Pittsburgh Advanced Network Attached Storage, or Panasas Inc. for short, says it's developing a next-generation file system to blow the socks off todays technology. But it faces a challenge: The success (or otherwise) of its goal rides on the adoption of a new standard that pretty much the entire storage industry must adopt for the Panasas technology to fly.

Still operating in cloak-and-dagger mode, Panasas has nonetheless revealed the bare bones of its plans to Byte and Switch.

The company name (paNASas) is a big giveaway; as are its close ties to Carnegie Mellon University and its recent hiring of Varun Mehta, former chief software engineer at Network Appliance Inc. (Nasdaq: NTAP). They all spell [ed.note: ha ha] a company focused on network-attached storage.

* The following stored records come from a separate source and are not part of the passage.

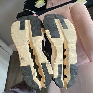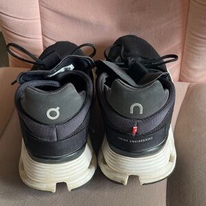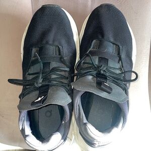 Sleek black athletic shoes with white soles. Designed for optimal comfort and performance. Ideal for active wear.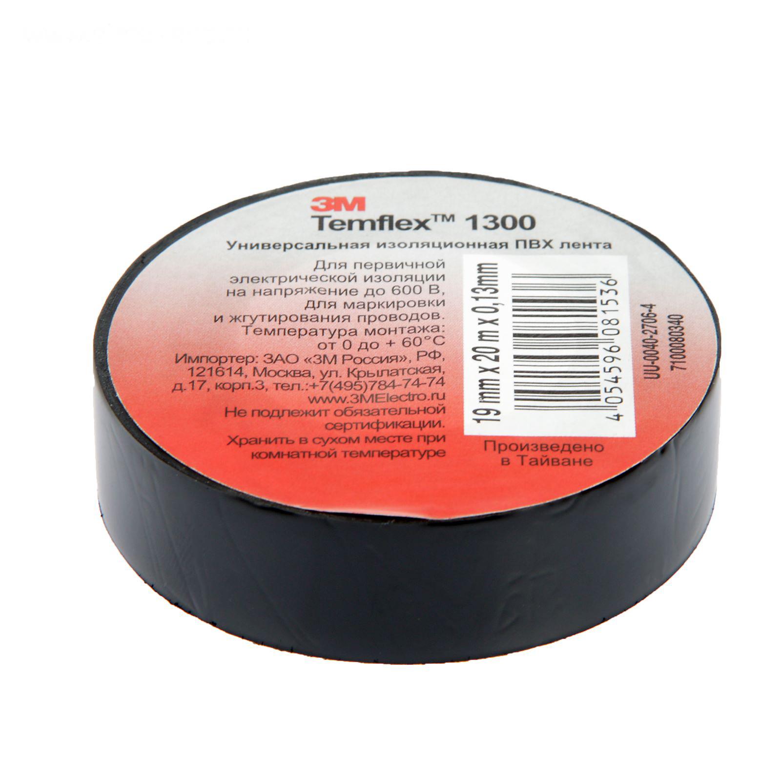 Изолента 3М Temflex 1300, ПВХ, 19 мм x 20 м, 130 мкм, черная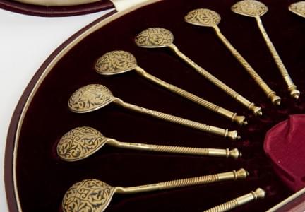 350. Suite de 12 cuillères à thé à décor niellé de rinceaux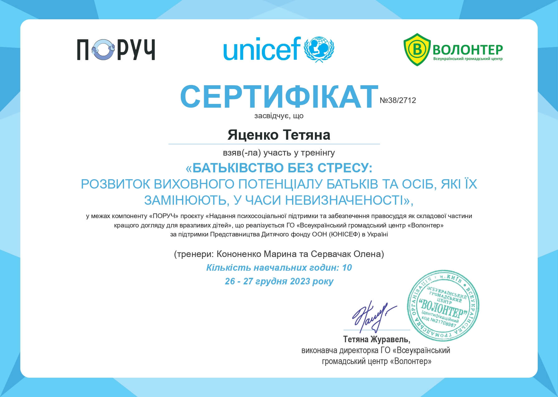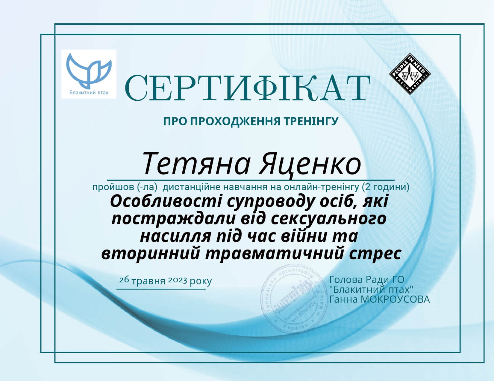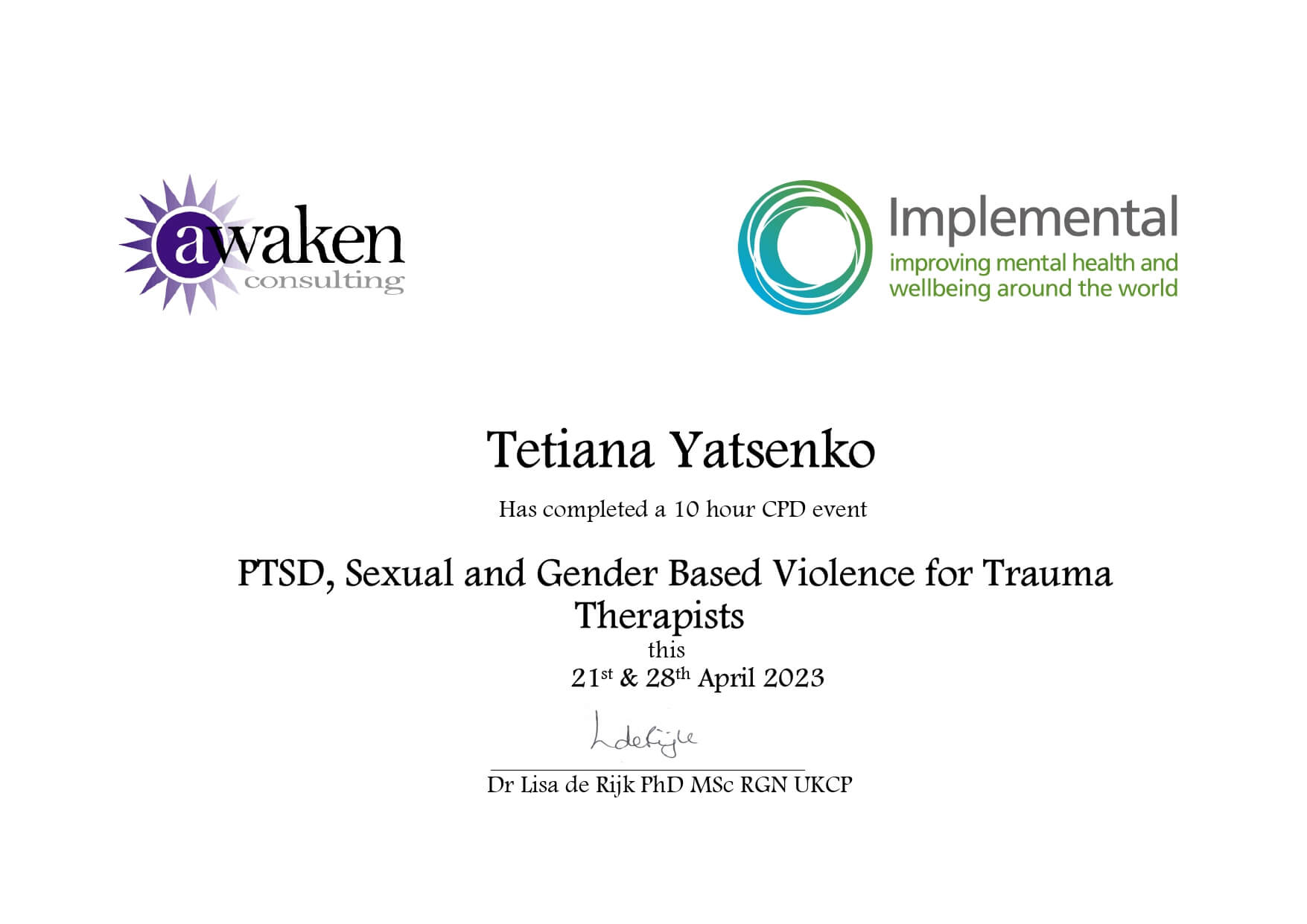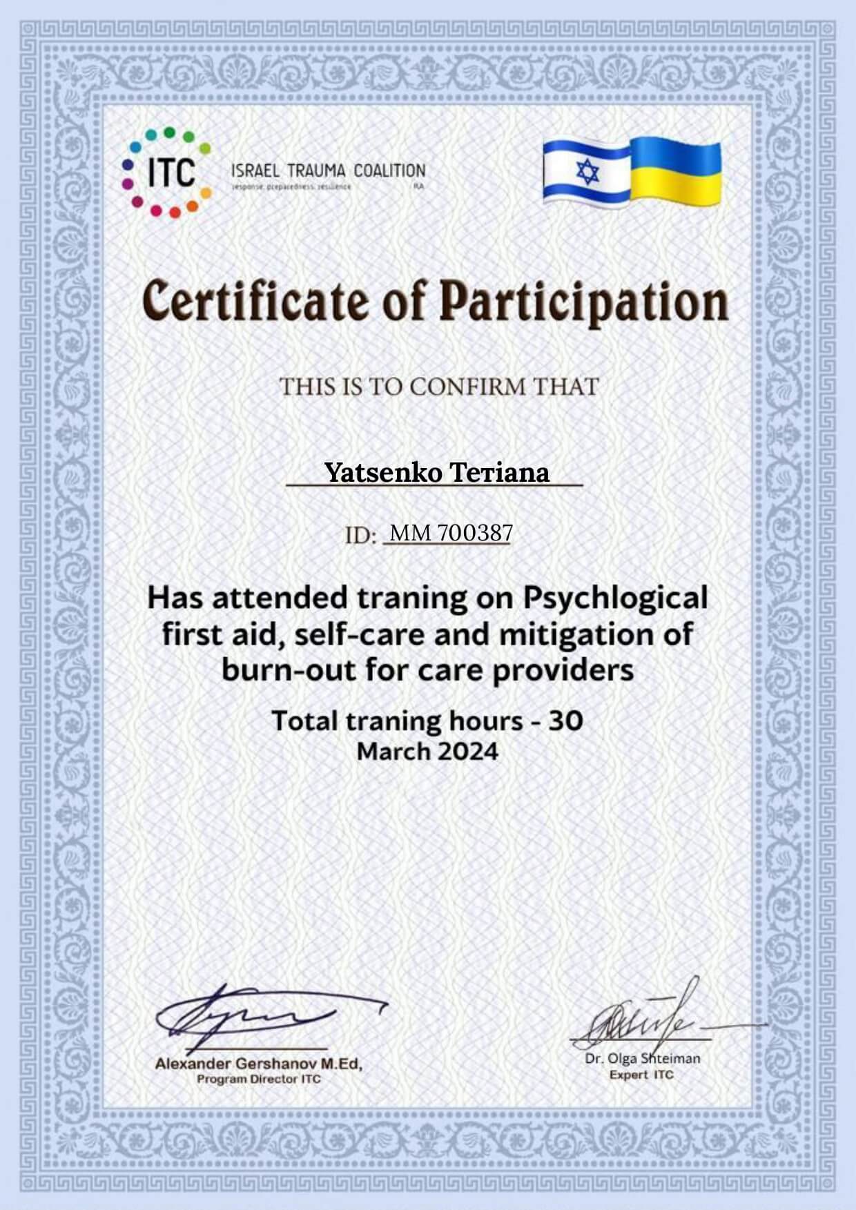 2022-2024 Навчання у Київському Міжнародному інституті післядипломної освіти за спеціалізацією "Клінична психологія та психотерапія травми"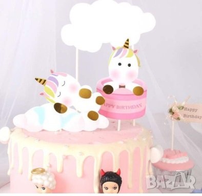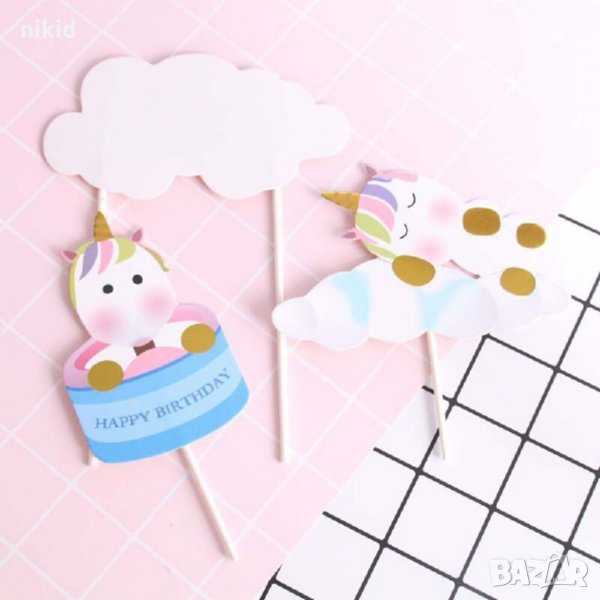 2 бр Еднорог Unicorn Happy и облаци картон топер топери клечки украса за торта декор парти → Обява 26233030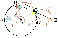 ⇒ DC=CE=l, AO=OB=BE=4 (cm)とおくと 相似図形 △CBE(∽△DOE)∽△ADE から,相似比の等式 CE:BE=AE:DEが使える ![]() @ ABCDは円に内接する四角形だから ∠ECB=∠DAB…(1) △CDEと△ADEについて • ∠Eは共通 • (1)により∠ECB=∠DAB 2つの三角形で,2組の角がそれぞれ等しいから △CBE∽△ADE…(2) \({\rm CE:BE=AE:DE}\) そこで,DC=CE=l(cm)とおくと \(l:4=12:2l\) \( 2l^2=48\) \( l^2=24\) \( l=\sqrt{24}=2\sqrt{6}\hspace{5px}(cm)\) (2)により,相似図形の面積比は,相似比の2乗(比)だから \({\rm \triangle CBE:\triangle ADE}=(2\sqrt{6})^2:12^2\) \(=24:144=1:6\) △CBE:⏢ABCD=1:(6−1)=1:5 △CBEの面積は,⏢ABCDの面積の\(\displaystyle\frac{1}{5}\)倍…(答) A △DOE∽△ADEだから \({\rm DO:OE=AD:DE}\) \( 4:8={\rm AD}:4\sqrt{6}\) \( 8{\rm AD}=16\sqrt{6}\) \( {\rm AD}=2\sqrt{6}\hspace{5px}(cm)\)…(答) (別解) △OADはOA=ODの二等辺三角形だから ∠OAD=∠ODA これにより,DOは∠ADEの二等分線になるから AD:DE=AO:OE \( {\rm AD}:4\sqrt{6}=4:8\) \( 8{\rm AD}=16\sqrt{6}\) \( {\rm AD}=2\sqrt{6}\hspace{5px}(cm)\)…(答) |
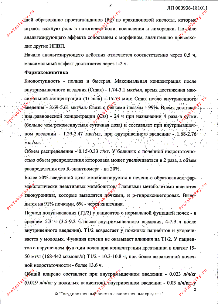 Более 50% введенной дозы метаболизируется в печени с образованием фармакологически неактивных метаболитов. Главными метаболитами являются глюкурониды, которые выводятся почками, и р-гидроксикеторолак. Выводится на 91% почками, 6% - через кишечник.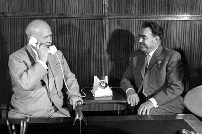 В 1954 году по предложению Н. С. Хрущева Брежнев был направлен на работу в Казахстан, где сначала занимал пост второго, а с 1955 года – первого секретаря компартии республики. С 1957 года член президиума и секретарь ЦК КПСС. Как лицо, пользующееся полным доверием Хрущева, в 1960 году он был назначен председателем Президиума Верховного Совета СССР. В 1964 году Леонид Брежнев возглавил заговор против Хрущева, после смещения которого, занял пост первого секретаря ЦК КПСС.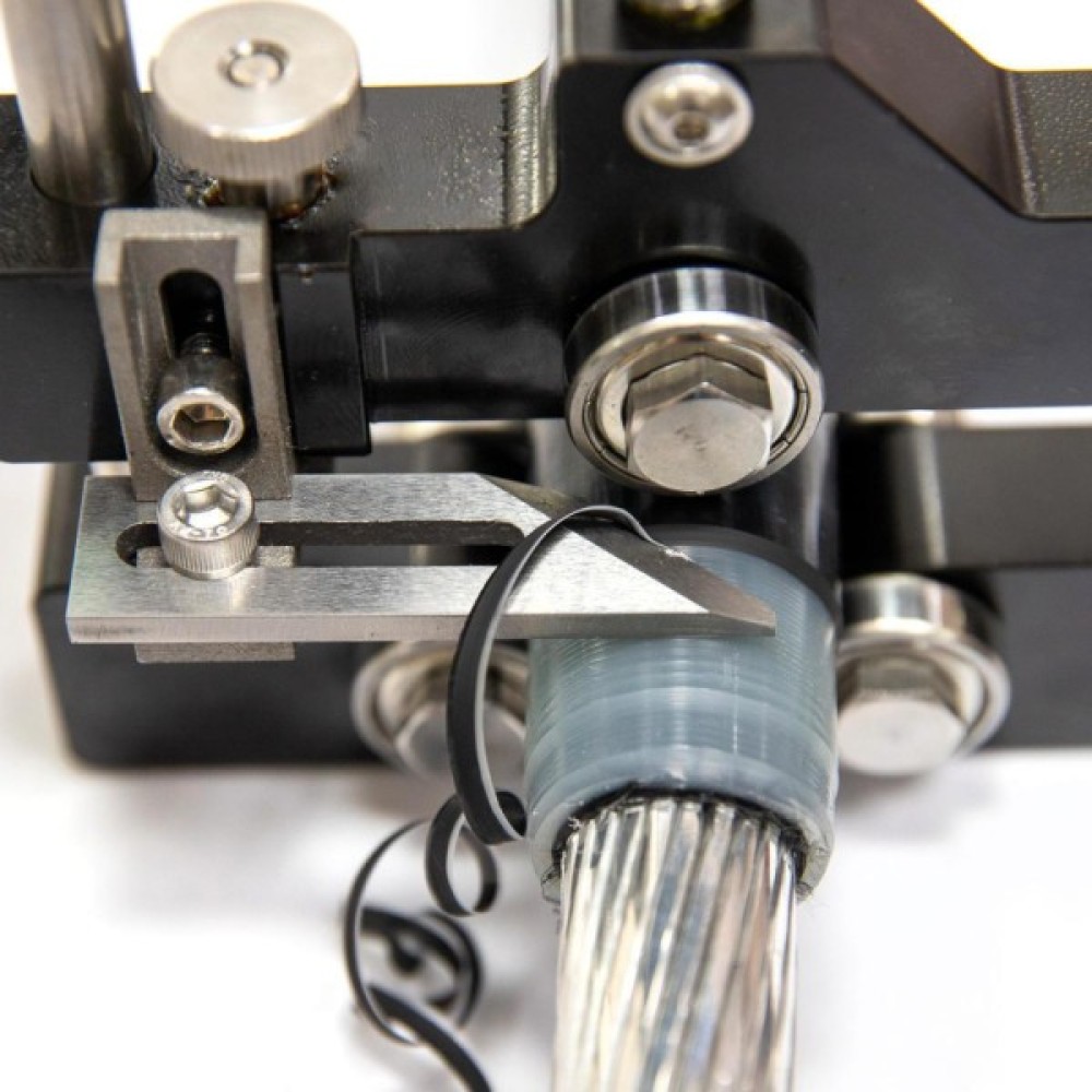 Цей інструмент стане ідеальним вибором для фахівців, які працюють із високовольтними кабелями великого діаметра, забезпечуючи ефективне та надійне зняття напівпровідного екрана.

Carnegie Mellon University, just down the road from Panasas offices in Pittsburgh, has a storage system research center packed with engineers working on supercomputing, clustering, robots, and projects for NASA. A select group of them are also tinkering away on a potential standard for storage networking that could revolutionize the way storage is managed on a network, Panasas claims.

Several of these engineers are now holed-up at Panasas but remain closely connected to the work going on at the university. The standard, known as object SCSI device interface (OSD), allows for disk storage to be expanded on the fly simply by plugging in more drives. This is a major advance on the way it’s done today.